Telmisartan is as effective and safe as ramipril in patients at high risk for vascular events: Results from the ONTARGET trial
March 31, 2008 By Vijayalakshmi Kunadian MBBS MD MRCP 
ACC 08-Chicago, IL: The ONTARGET study suggests that the angiotensin receptor blocker, telmisartan is effective and safe in patients with vascular disease and high-risk diabetes compared with ramipril.
Dr Salim Yusuf presented the results of the ONTARGET (The ONgoing Telmisartan Alone and in combination with Ramipril Global Endpoint Trial) study which compares ramipril with telmisartan and its combination in high risk individuals without heart failure at the ACC-08 Annual Scientific Sessions in Chicago today. The full length article is simultaneously published in the New England Journal of Medicine.
Previous studies have demonstrated that the angiotensin converting enzyme inhibitors (ACEI) are associated with reduction in mortality, myocardial infarction, cerebrovascular events and heart failure among patients with heart failure, impaired left ventricular function, previous vascular disease alone and among those with high-risk diabetes.
One of the disadvantages of the ACEI is that they are associated with angioedema and cough because of reduced bradykinin degradation which is not commonly observed with angiotensin receptor blockers (ARBs). In addition, the ARBs have been shown to be beneficial among patients with reduced ejection fraction and heart failure who did not tolerate the ACEIs or were already started on one. Combination therapy with ARB and ACEI among patients with heart failure was previously studied in the VALIANT trial and the CHARM-Added trials.
This study was performed to determine the effectiveness of telmisartan (80 mg daily) compared with ramipril (10 mg daily). This study also determined if combination therapy with telmisartan and ramipril was more effective than ramipril alone in reducing the composite outcome of death from cardiovascular causes, myocardial infarction, stroke, or hospitalization for heart failure. This study enrolled a total of 25,620 patients with coronary, peripheral or cerebrovascular disease or diabetes with end-organ damage. Of the total population, 8576 patients received ramipril alone, 8542 patients received telmisartan and 8502 patients received combination therapy. Patients were followed up for 56 months (median value).
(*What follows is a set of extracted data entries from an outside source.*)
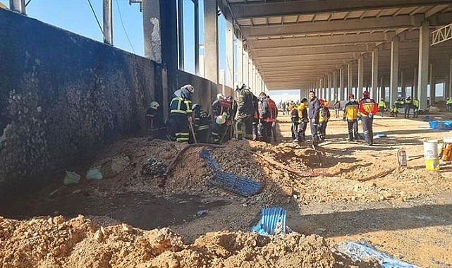 2 işçi tutuşan malzemelerin üzerine düştü; kepçeyle atılan toprağın altından cesetleri çıktı
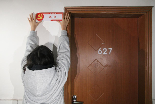 为充分激活学生党员在宿舍生活中的先锋引领效能,打造文明向上、互助共进的住宿环境,11月19日晚7时,国产探花 国产探花 党委启动新一轮“党员寝室挂牌”活动。活动中,学生党员代表分组深入宿舍,为2025年下半年新发展的11名学生党员所在寝室悬挂“党员寝室”标识牌。
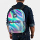 Own your style with our Customizable holographic/ iridescent backpack. Bursting with vibrant colours, this backpack is a bold statement in individuality. Personalize it with your letter for a unique touch!
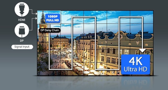 - Điều chỉnh cấu hình 5x5 sử dụng DisplayPort 1.2 và cổng HDMI, màn hình UDE-B của Samsung nâng chất lượng hình ảnh hiển thị đạt chuẩn UHD với độ nét cực cao, liền mạch trên toàn bộ các màn hình.
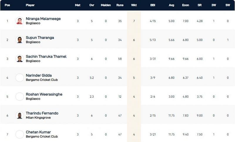Supun Tharanga and Sachin Tharuka Thamel, also from Bogliasco, have both accounted for six opposition batsmen. The former is placed higher on the wicket-taking charts due to his better economy rate.
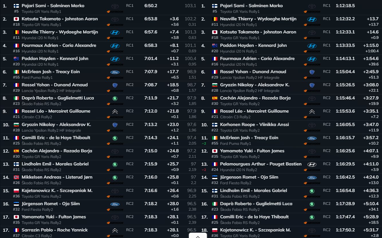 Com a queda de Evans e num dia em que vários candidatos enfrentaram problemas, Pajari foi quem melhor capitalizou. O finlandês não foi o mais veloz da manhã de forma consistente, mas manteve-se estável quando outros vacilaram, assumiu a liderança e assinou o melhor tempo na SS4.

In terms of reduction in mean blood pressure, treatment with telmisartan and combination therapy was associated with greater reduction than ramipril alone (0.9/0.6 mmHg greater reduction and 2.4/1.4 mmHg greater reduction respectively). The primary outcome occurred in 16.5% in the ramipril group compared to 16.7% in the telmisartan group and 16.3% in the combination group. Telmisartan was associated with lower rates of cough (1.1% vs. 4.2%, p<0.001) and angioedema (0.1% vs. 0.3%, p=0.01) compared with ramipril. More patients in the telmisartan group experienced hypotensive symptoms compared to the ramipril group (2.6% vs. 1.7%, p<0.001) with no difference in the number of patients who experienced syncopal episodes (0.2% in both groups). More patients in the combination group experienced hypotensive episodes (4.8% vs. 1.7%, p<0.001), syncope (0.3% vs. 0.2%, p=0.03) and renal dysfunction (13.5% vs. 10.2%, p<0.001) compared with the ramipril group.
In an editorial that accompanies the paper, Professor John McMurray from the United Kingdom states that “the ONTARGET study provides an example of a high-quality non-inferiority trial and concludes that the ONTARGET and VALIANT studies show that telmisartan and Valsartan provide a benefit similar to that of a proven ACEI”. It is of note that VALIANT study consisted of patients with acute myocardial infarction who received Valsartan 160 mg twice daily and captopril 50mg three times daily.
Late Breaking Clinical Trials Session: ACC, March 31, 2008 Chicago
- The ONTARGET Investigators. Telmisartan, ramipril, or both in patients at high-risk for vascular events. New England Journal of Medicine. 2008;358:1547-1559.
- McMurray JJ. ACE inhibitors in cardiovascular disease-Unbeatable? New England Journal of Medicine. 2008;358:15.